I was driving, just trying to clear my head… and something in me said, Turn. So I did. I ended up on this back road just dirt and silence and a field full of crops. But when I parked, I could see the whole city from where I sat. I mean, all of it. And everything in me just got quiet. The kind of quiet that doesn’t just surround you it steadies you. Like the land itself is saying, You’re safe.
I didn’t know it then, but that was the start of a routine that would change me. I went back the next day. And the next. Four, five times a week, I’d drive out there. I’d show up with music, or tears, or just my thoughts no script, no plan. Just me and a glass jar filled with wishes. I’d leave it in the tall grass like a secret the earth already understood. That field became my sanctuary. It felt safe there. Wide open. Free.
The place I ran to when everything around me was loud and felt like a mess I couldn’t quiet. And here’s what really got my attention: One day, after years of going there, I looked up the coordinates of that field. Just out of curiosity. And guess what I found?
33.41738° N, 96.83449° W
The numbers lined up almost exactly with Phoenix, Arizona. The start of my birth, breath, belonging all from the same place. That same 33rd parallel line. That same grid of power. And just like that, it all made sense. Phoenix. The city named after the bird that rises from the ashes. And my name
Renee it means rebirth.
Even the Earth knew who I was. That field was always trying to tell me: You’ve been here before. But this time, you’re awake. This time, you’re home. But here’s where the story turns.

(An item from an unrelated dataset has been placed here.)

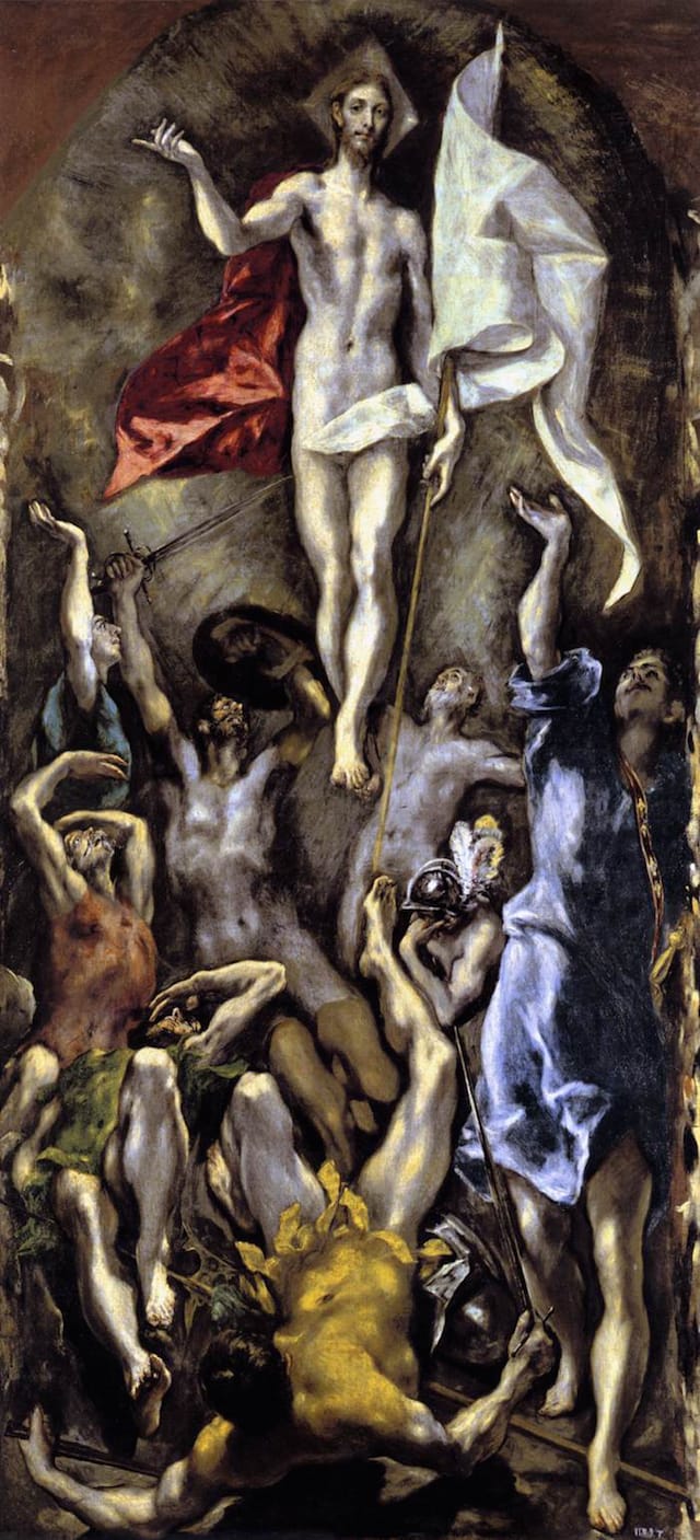 A few thoughts on how he does it. To begin with, El Greco chose a tall, narrow canvas, which lends itself to up and down motion, as opposed, for example, to Piero della Francesca’s square-format take on the same subject, which lends itself to calm. In Piero’s version, Jesus out-unblinks four uninformed, uniformed Rip Van Winkles, who’ve barely budged in centuries. The only action, a trickle of blood from the wound in Christ’s ribcage. In El Greco’s version, on the other hand, the large, compelling forms of Christ and the banners he holds float to the top, sucking toward them the legions of screaming details that make up the awestruck guards, bug-eyed and blinking, all. Well, except for the feather-helmeted one who offers a nod to Piero. Dream on, little man; we’ll get back to you later.

After two years of finding peace there, the energy wasn’t what it used to be. The next time I went, it felt different. People were there. The peace I used to feel? Gone. It felt like I was being chased out of my own sacred place. Like the land was saying, You’re done here.

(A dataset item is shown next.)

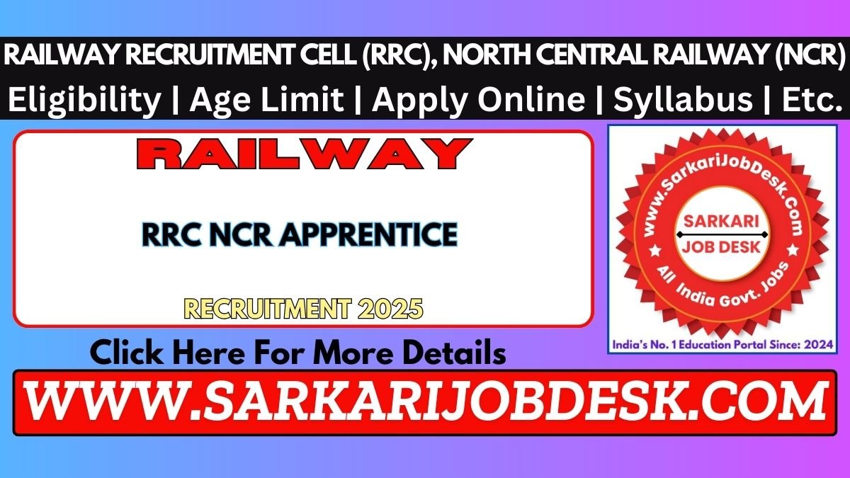 Railway Recruitment Cell (RRC), North Central Railway (NCR)Railway Recruitment Cell Recruitment 2025Railway RRC NCR Advt. No.: 01/2025 : Short Details of NotificationWWW.SARKARIJOBDESK.COM |

At first I was heartbroken. That field was the only place I could breathe. The only place I could cry and not feel watched. I left with tears. I tried again. Same thing.
Until one day, as I turned down that desolate dirt road, it stopped me mid-thought like my heart couldn’t hold it all at once. I don’t need that field anymore. Because the peace I used to go there for… was now inside me.

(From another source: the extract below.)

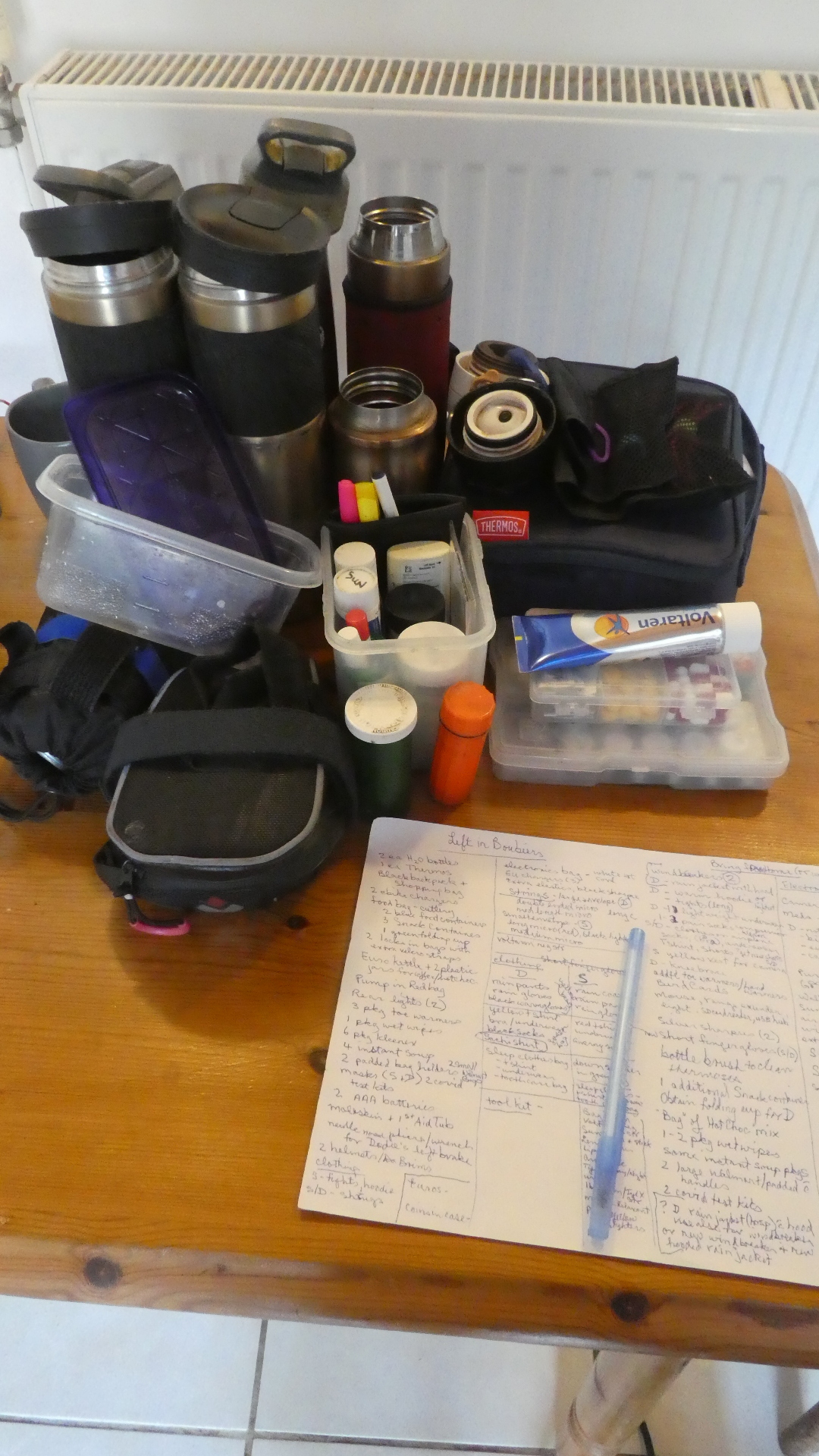 Those who know that Dodie and I do everything together, may wonder where she was during all this bicycle tomfoolery. Dodie does not like mechanical details, so she was glad to be inside. And I do not like what she was doing - meticulously sorting and listing little bits of gear. Do we need one tube of sunscreen or two, and which should we leave here with the bikes? Who cares!

The healing. The releasing. The repeated declarations left in open air and glass jars— They weren’t wasted. They moved something. I had become the very sanctuary I kept searching for.
This is a passage from my book It Is Done, but it’s more than a chapter. It’s a moment I’ll carry with me forever. Because it taught me something I want you to remember: Peace is not a place. It’s a practice. It’s not something you find. It’s something you become. You can sit in the middle of chaos and still carry calm. You can walk through fire and remain steady and open. You can outgrow the places that saved you and that doesn’t mean they failed you. It means they fulfilled their purpose.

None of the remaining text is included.